Marthe : Il a d’abord fallu convaincre mes collègues des différents services du pôle domicile : le SAVS, le SAMSAH et le DASMO. C’était un projet en plus de notre charge habituelle, donc il fallait que tout le monde soit motivé. Et comme il y avait un financement public, on voulait bien faire les choses.
Laura : Ce qui m’a convaincue, c’est que Marthe a vraiment pris le projet en main. Elle était la référente, ce qui m’a permis de m’y greffer selon mes disponibilités. Au final, beaucoup d’usagers du SAVS y participent.

Quels services et structures étaient impliqués ?
Marthe : Notre pôle domicile adulte regroupe trois services (SAVS, SAMSAH et DASMO), tous rattachés à l’association APF France Handicap. On a aussi collaboré avec l’ADAPT, qui gère un foyer d’accueil médicalisé et une plateforme de répit pour les aidants. Il fallait coordonner tout ce monde, malgré les différences de fonctionnement, les roulements, les vacances…
Comment avez-vous structuré les premières étapes du projet ?
Marthe : On voulait de l’itinérance et l’utilisation de tiers-lieux, pour toucher les personnes chez elles mais aussi celles en recherche de socialisation. L’APF a ouvert récemment un lieu appelé le QG d’Henriette, accessible à tous types de handicap, avec des ateliers, de l’entraide, etc. On a aussi eu des échanges avec Autrement, un autre tiers-lieu à Amiens. On a organisé le projet par secteurs, pour que chacun puisse en bénéficier selon sa localisation.
Laura : Les musiciens intervenaient deux jours par mois : une journée en itinérance à domicile et une journée en tiers-lieu.

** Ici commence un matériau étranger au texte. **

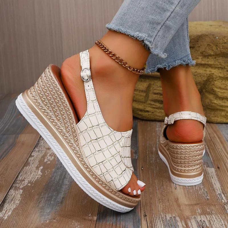 Sandały damskie na koturnie, klamra jednorzędowa, obcas 7,5 cm, wysokie buty damskie, rekreacyjne, duże rozmiary, zwięzłe, dojrzałe, 2025 Sandalias De Mujer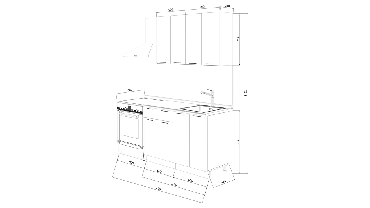 | Габаритный размер набора модулей без учета газовой плиты | 1 200 |

Chaque fois, sur le même secteur.
Que se passait-il pendant ces journées ?
Marthe : En ce qui me concerne, j’ai surtout accompagné à domicile. On a vu de très belles relations se créer. L’aidant et l’aidé n’avaient plus leur rôle habituel : c’était une découverte pour tous. Les musiciens proposaient une exploration sonore à partir d’outils, de tablettes, de sons du quotidien que les personnes aiment. Ils expliquaient ce que ces sons évoquent pour eux, puis construisaient un morceau relaxant à partir de ça.


Quels sont les retours des personnes accompagnées ?
Marthe : Les retours sont très positifs. Les gens ont vraiment apprécié ces moments.
Justement, comment avez-vous pensé cette journée aujourd’hui ?
Laura : On voulait marquer la moitié du projet par un moment estival, un peu festif : ce qu’on appelle notre premier final. On l’a fait en extérieur, dans un parc, pour permettre aux personnes de sortir de chez elles et d’accéder à la culture dehors. C’était aussi l’occasion pour les participants de se rencontrer autour de la musique.
Marthe : Il y a 14 personnes accompagnées sur les deux associations qui sont là. J’ai aussi invité des gens du quartier à venir librement, sans inscription. Le lieu s’y prête : les passants peuvent s’arrêter, découvrir, participer.